## The data:

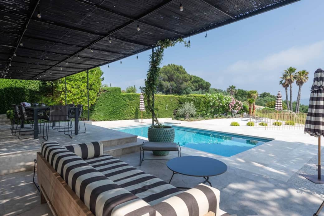 Diese stilvolle Villa vereint mediterranen Charme mit modernem Design. Hochwertige Materialien, großzügige Räume, elegante Bäder und eine offene Küche schaffen eine luxuriöse und zugleich entspannte Atmosphäre. Die große Terrasse mit Pool und Meerblick lädt zum Verweilen ein. Ein perfekter Rückzugsort für alle, die Ruhe, Stil und Komfort in Südfrankreich suchen.
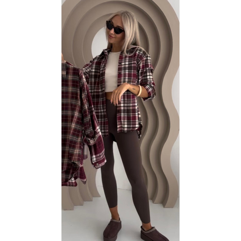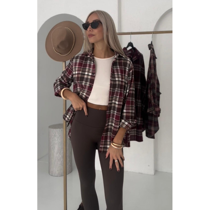 Koszula HARPER - bordowa w biało-brązową kratkę
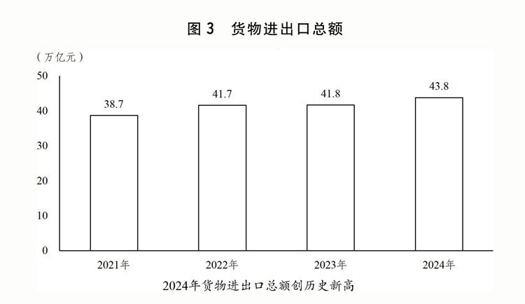 二是外貿出口對經濟增長貢獻增大。出臺關于促進外貿穩定增長、拓展跨境電商出口推進海外倉建設、推動服務貿易和數字貿易發展的政策,貨物和服務凈出口對經濟增長的貢獻率達30.3%。進博會、廣交會、服貿會、投洽會、中俄博覽會等重大展會成功舉辦。出臺扎實推進高水平對外開放更大力度吸引和利用外資行動方案。發布外商投資準入特別管理措施(負面清單)(2024年版),制造業領域外資準入限制措施全面取消。推進服務業擴大開放綜合試點示范,開展增值電信、生物技術、獨資醫院開放試點。發布實施全國版和自貿試驗區版跨境服務貿易負面清單。推出第八批標志性重大外資項目。健全境外投資管理服務體係。
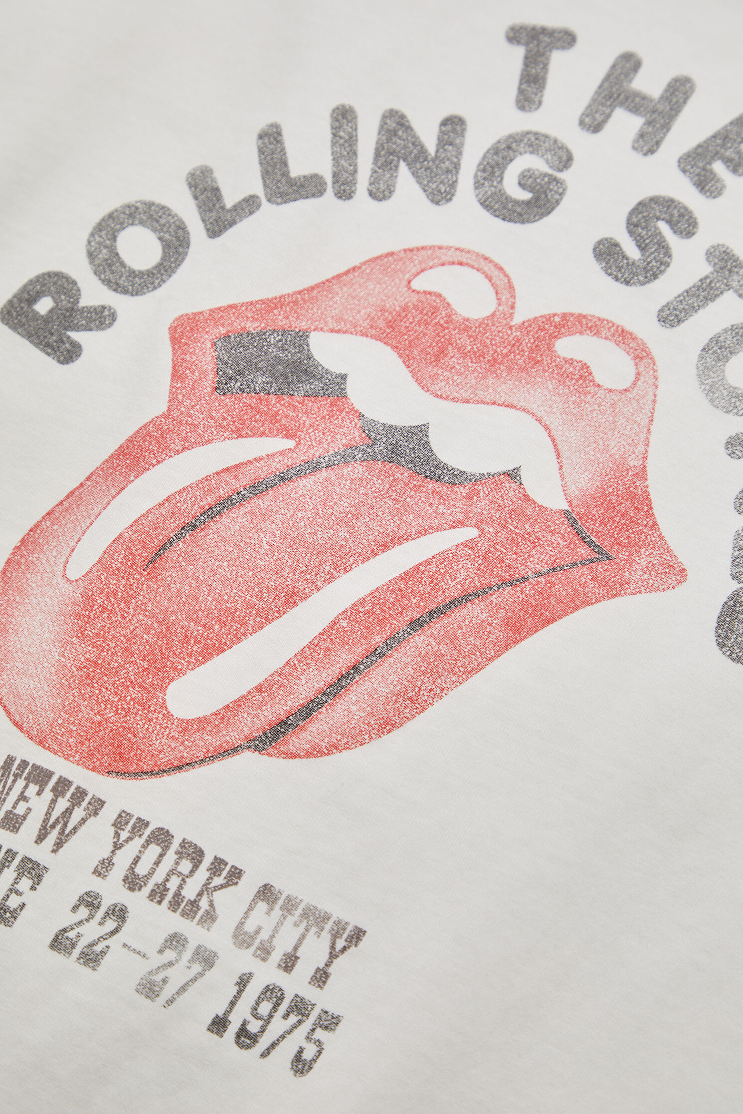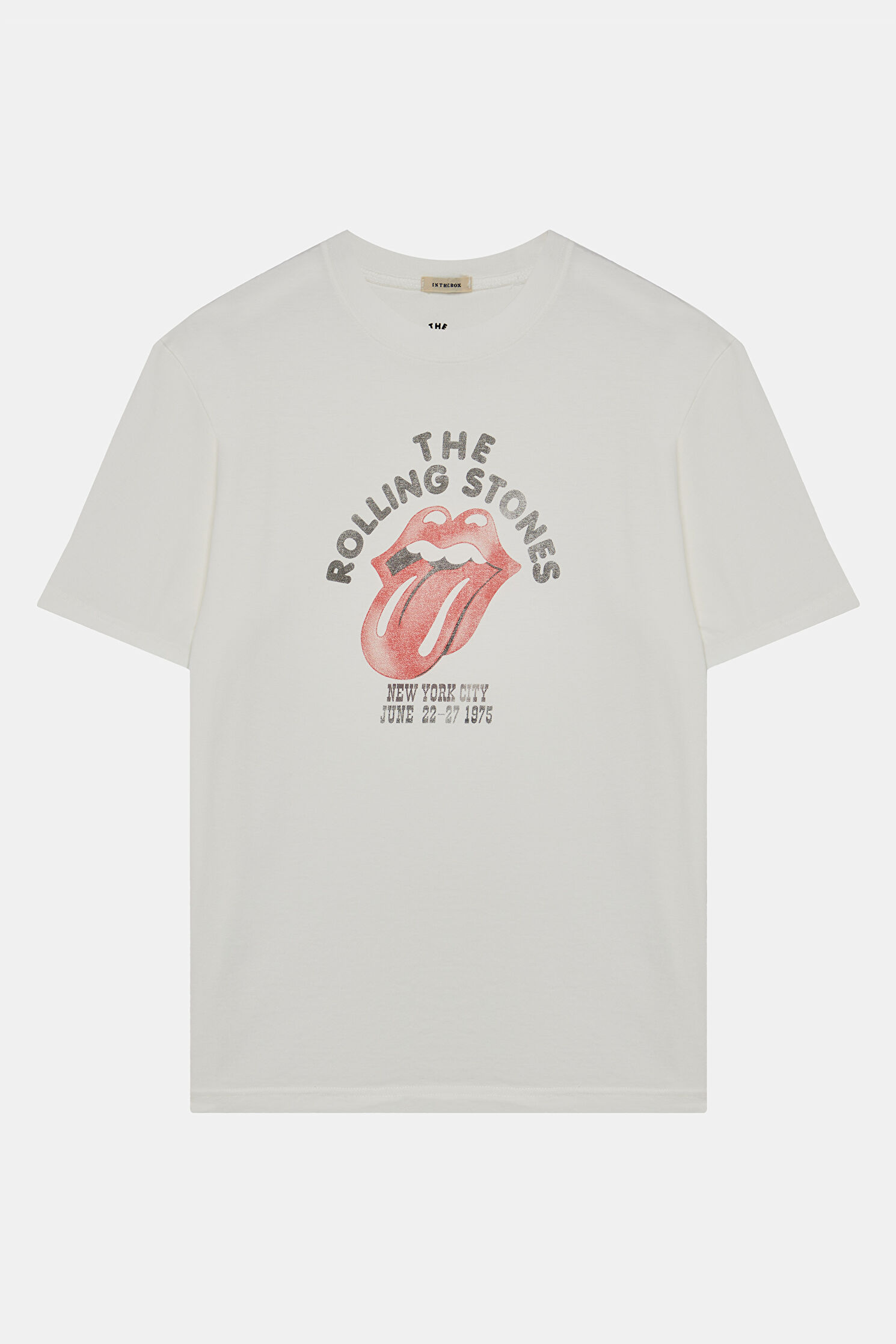 Beyaz Bisiklet Yaka Baskılı T-Shirt

## What to produce:
Give back the data verbatim. The pictures are not part of the copy.

## Exercise answer:
 Diese stilvolle Villa vereint mediterranen Charme mit modernem Design. Hochwertige Materialien, großzügige Räume, elegante Bäder und eine offene Küche schaffen eine luxuriöse und zugleich entspannte Atmosphäre. Die große Terrasse mit Pool und Meerblick lädt zum Verweilen ein. Ein perfekter Rückzugsort für alle, die Ruhe, Stil und Komfort in Südfrankreich suchen.
 Koszula HARPER - bordowa w biało-brązową kratkę
 二是外貿出口對經濟增長貢獻增大。出臺關于促進外貿穩定增長、拓展跨境電商出口推進海外倉建設、推動服務貿易和數字貿易發展的政策,貨物和服務凈出口對經濟增長的貢獻率達30.3%。進博會、廣交會、服貿會、投洽會、中俄博覽會等重大展會成功舉辦。出臺扎實推進高水平對外開放更大力度吸引和利用外資行動方案。發布外商投資準入特別管理措施(負面清單)(2024年版),制造業領域外資準入限制措施全面取消。推進服務業擴大開放綜合試點示范,開展增值電信、生物技術、獨資醫院開放試點。發布實施全國版和自貿試驗區版跨境服務貿易負面清單。推出第八批標志性重大外資項目。健全境外投資管理服務體係。
 Beyaz Bisiklet Yaka Baskılı T-Shirt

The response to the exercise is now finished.